Wednesday’s practice did, however, feature a couple of zone-read plays, where Griffin either handed off, or faked the handoff and passed. And, the quarterback said – reiterating what Gruden has said when asked about the matter – the zone-read runs for Griffin do still remain in Washington’s playbook. Those designed runs simply have been moved somewhere toward the back of the book, where they can be found and sprinkled here and there in a pinch. But the plays will always be there.

“It’s a part of every quarterback who can move around a little bit – their game,” Griffin said. “Everybody has run it, from Aaron Rodgers on down the list.
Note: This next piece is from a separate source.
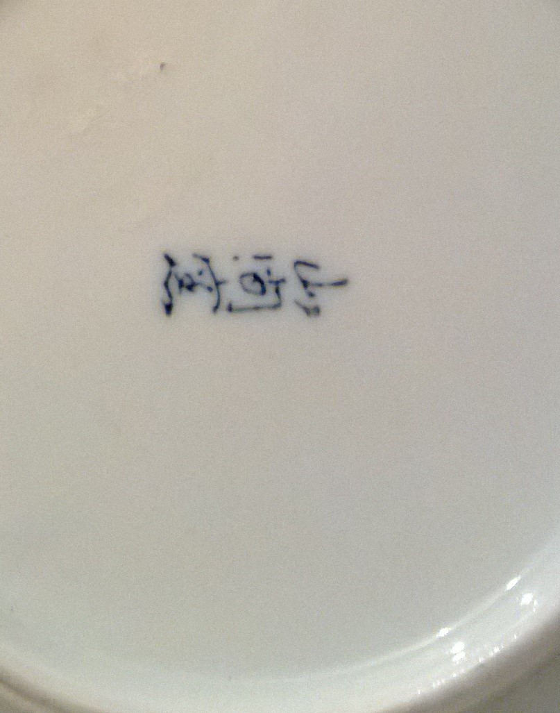 Strawberry plate, has textured berries and writing on the back that I can not identify.

It’s something you want to sprinkle in, keep the defense aware of, make them have to practice it, but it’s not something that you make the focal part of your offense. That’s why we have the guys that we have, that’s why we run the offense that we’ve been running, and you haven’t seen very much of the zone read. But it is there, and it’ll be utilized as coach deems necessary.”
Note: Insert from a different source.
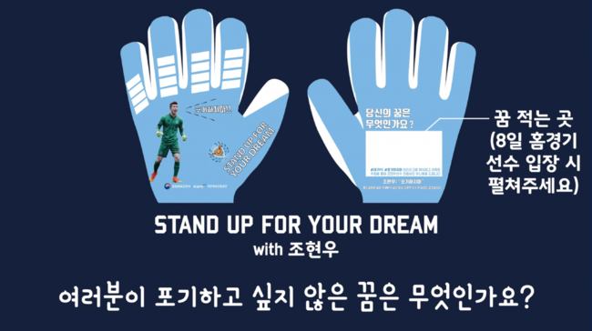 ‘월드컵 출전’의 꿈을 이룬 조현우가 이날 경기장을 찾는 관중들의 꿈을 응원하기 위해 부채 5,000개를 준비했다. 팬들은 각자의 꿈을 부채에 적을 수 있으며 선수입장에 맞춰 다함께 일어나 부채를 흔들 예정이다. 또한 월드컵 출전 꿈을 이룬 조현우를 환영하기 위해 DG존(가변석)에서는 21, 23 숫자를 나타내는 카드섹션이 진행된다.

Griffin has repeatedly said that he wants to be a pure passing quarterback, who uses his legs here and there. Even on Wednesday, he disagreed with the notion that his running ability is what made him famous.

“It’s not how I made my name,” he bristled. “I made my name throwing the ball in college when I won the Heisman Trophy at Baylor”

However, Griffin, who last offseason lobbied for Washington to scrap the zone-read plays and use him in more of a traditional role, did say that he has no problem running those plays under Gruden, and that he’ll leave it up to his coaches to determine how to call the offense.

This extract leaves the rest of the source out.